IIn India, culinary education has traditionally been synonymous with teaching recipes and techniques. This has produced skilled chefs, but the burgeoning food and beverage (F&B) revolution demands more. The time has come for our educational institutions to develop not just chefs, but culinary innovators and practitioners.
To develop “thinking entrepreneurial chefs,” culinary courses must incorporate strong business education similar to MBA programs. My goal is? To develop human resources who are not only skilled in cooking techniques but also in management.
a novel experience
Today’s culinary enthusiasts aspire to combine their passion for cooking with their enthusiasm for management and entrepreneurship to create innovative culinary experiences. Meeting their aspirations requires an educational model that connects culinary skills with real-world business applications. Although theoretical knowledge is fundamental, it must be complemented by practical experience.
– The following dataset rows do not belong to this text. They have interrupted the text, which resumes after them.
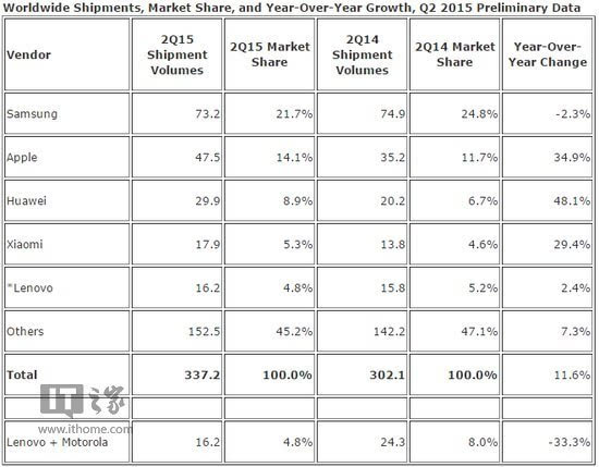 IDC數據顯示,2015二季度是有史以來出貨量最高的第二季度,智能手機廠商全球出貨量共計3.372億,同比去年3.021億增長高達11.6%。三星雖然奪得第一,但市場份額下降了3.1個百分點(從24.8%下降到21.7%),據悉原因很可能是三星S6 Edge出現供貨問題導致。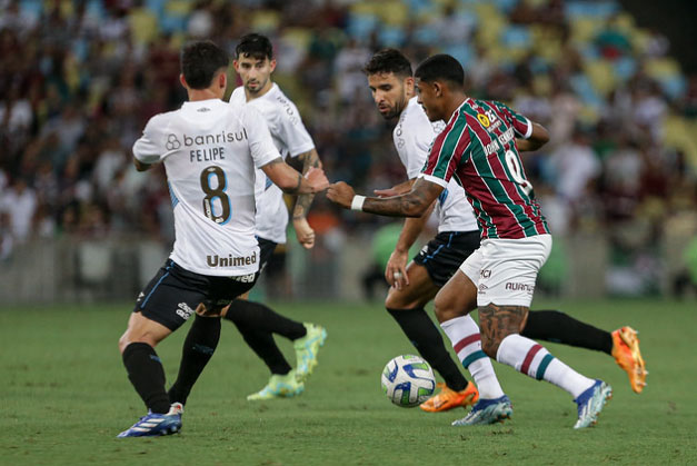 O Fluminense chegou ao gol em uma penalidade aos 31. Rodrigo Ely cortou a bola com a mão quando Martinelli tentava avançar. Arias deslocou o goleiro para abrir o placar. Na reta final, o Grêmio reagiu. Aos 42, Villasanti lançou e Suárez ficou livre para avançar. O uruguaio driblou Fábio e bateu para colocar na rede. A virada veio aos 44. Suárez cruzou da esquerda e Carballo finalizou em cima da defesa. Galdino aparou a bola, abriu espaço e bateu de canhota da entrada da área. Mandou no canto direito, sem defesa para Fábio. Aos 48, Arias cruzou e Nino cabeceou no canto esquerdo. Caíque saltou para espalmar.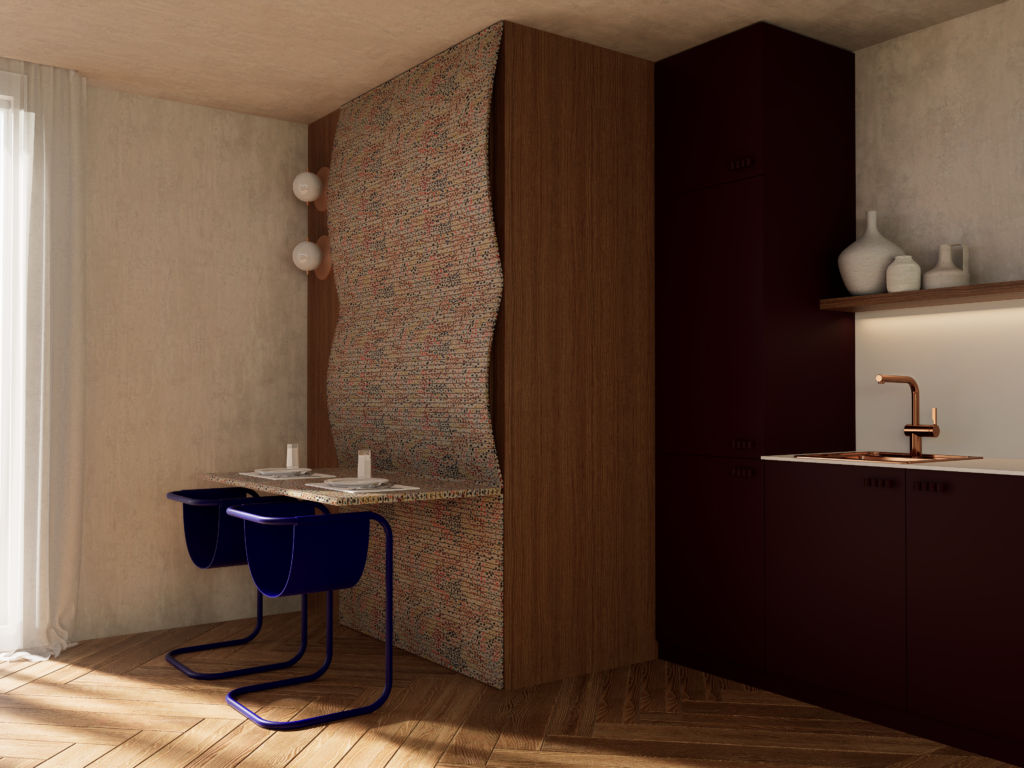 Konačni rezultat istraživanja prikazan je kroz 3D vizualizacije koje ilustruju funkcionalnost i estetski potencijal predloženog rešenja. Na prikazima je predstavljena prostorna integracija stola koji se sklapa u zidni panel, oblikovanog u fluidnoj, talasastoj formi. Panel u zatvorenom stanju funkcioniše kao dekorativni zidni element sa skulpturalnim karakterom, dok se u otvorenom stanju transformiše u sto za dve osobe.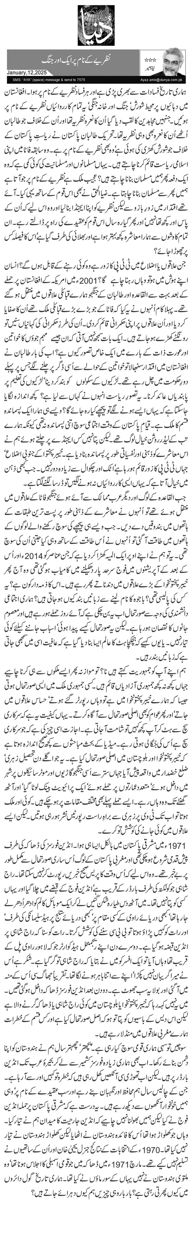 ہماری تاریخ فسادات سے بھری پڑی ہے اور ہر فساد نظریے کے نام پر ہوا۔ افغانستان میں دہائیوں پر محیط شورش‘ جنگ اور خانہ جنگی‘ یہ تمام کارروائیاں نظریے کے نام پر ہوئیں۔جنہیں مجاہدین کا لقب دیا گیا اُن کا نعرہ نظریہ تھا اور اُن کے خلاف جو طالبان اُٹھے اُن کا نعرہ بھی وہی نظریہ تھا۔ تحریک طالبان پاکستان نے ریاستِ پاکستان کے خلاف جو شورش کھڑی کی ہوئی ہے‘ وہ بھی نظریے کے نام پر ہے۔ وہ سابقہ فاٹا میں اپنی اسلامی ریاست قائم کرنا چاہتے ہیں۔ یہاں مسلمانوں اور مسلمانیت کی کوئی کمی ہے کہ وہ ایک دفعہ پھر ہمیں مسلمان بنانا چاہتے ہیں؟ عجیب ملک ہے نظریے کے نام پر جو آتا ہے ہمیں پھر سے مسلمان بنانا چاہتا ہے۔ ضیا الحق نے بھی اس قوم کے ساتھ یہی کیا۔ آئے تھے اقتدار میں زورِ بازو سے لیکن نظریے کو اپنا ایجنڈا بنا لیا اوروہ اس لیے کہ اُن کے پاس اور کچھ تھا نہیں‘ اورپھر گیارہ سال اس قوم کو عقیدے کی راہ پر ڈالتے رہے۔ ان تمام کاوشوں سے ہمارا معاشرہ کچھ بہتر ہوا ہے اور بھلائی کی طرف گیا ہے‘ اس کا فیصلہ کس پر چھوڑا جائے؟
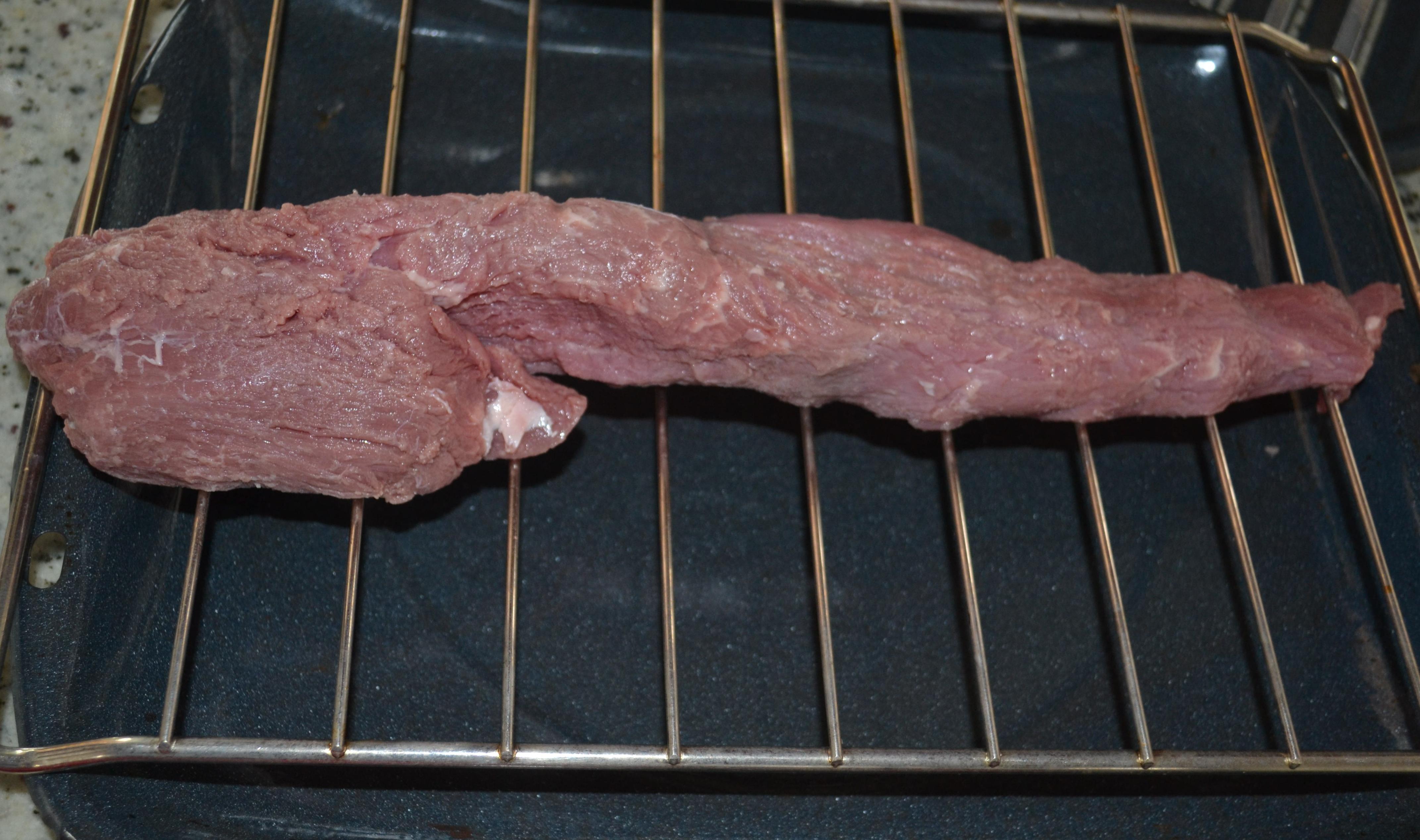 - En un sartén grande caliente aceite de oliva (una película de aceite que cubra el fondo) y selle el lomo por todos sus lados. Retire del sartén y coloque en una parrilla de hornear.

Imagine a culinary institution operating a real-world facility such as a restaurant, QSR, or bakery. The facility is run entirely by students, who apply the skills they learned in the lab to manage the facility, manage profit and loss, and interact directly with customers. This model is about more than just teaching. It immerses students in the very fabric of F&B business.
At the heart of this new educational paradigm is the Innovation and Entrepreneurship Lab. These hubs are more than just classrooms. They are a breeding ground for creativity and business acumen. Here, students conceptualize and develop their culinary ventures while receiving mentorship and connecting with potential investors. It’s where ideas and opportunities meet.
Reflect the marketplace
For culinary education to keep up with the F&B revolution, it must reflect the dynamism of the market. Institutions committed to this leap forward are already making progress, but to truly revolutionize the industry, this model will need to become the norm rather than the exception. We need more innovators and entrepreneurs who can lead and inspire the ever-evolving culinary world.
India’s food and beverage industry is currently valued at over $50 billion and is expected to grow rapidly over the next five to 10 years. This is being driven by a growing middle class, increasing urbanization, and a young population seeking diverse culinary experiences. In this context, the role of culinary education becomes extremely important. By 2030, as more Indians move into the upper income brackets, their culinary preferences will evolve to seek not only quality and variety, but also innovation and sustainability. Demand for professional chefs who can cater to these sophisticated tastes will skyrocket.
To meet this demand, our culinary institution is entrepreneurial, innovative, conversant in culinary and business science, and geared toward a future characterized by creativity, sustainability, and global recognition. We need to evolve to produce chefs who can lead the industry.
The author is the founder and managing director of the Indian School of Hospitality (ISH).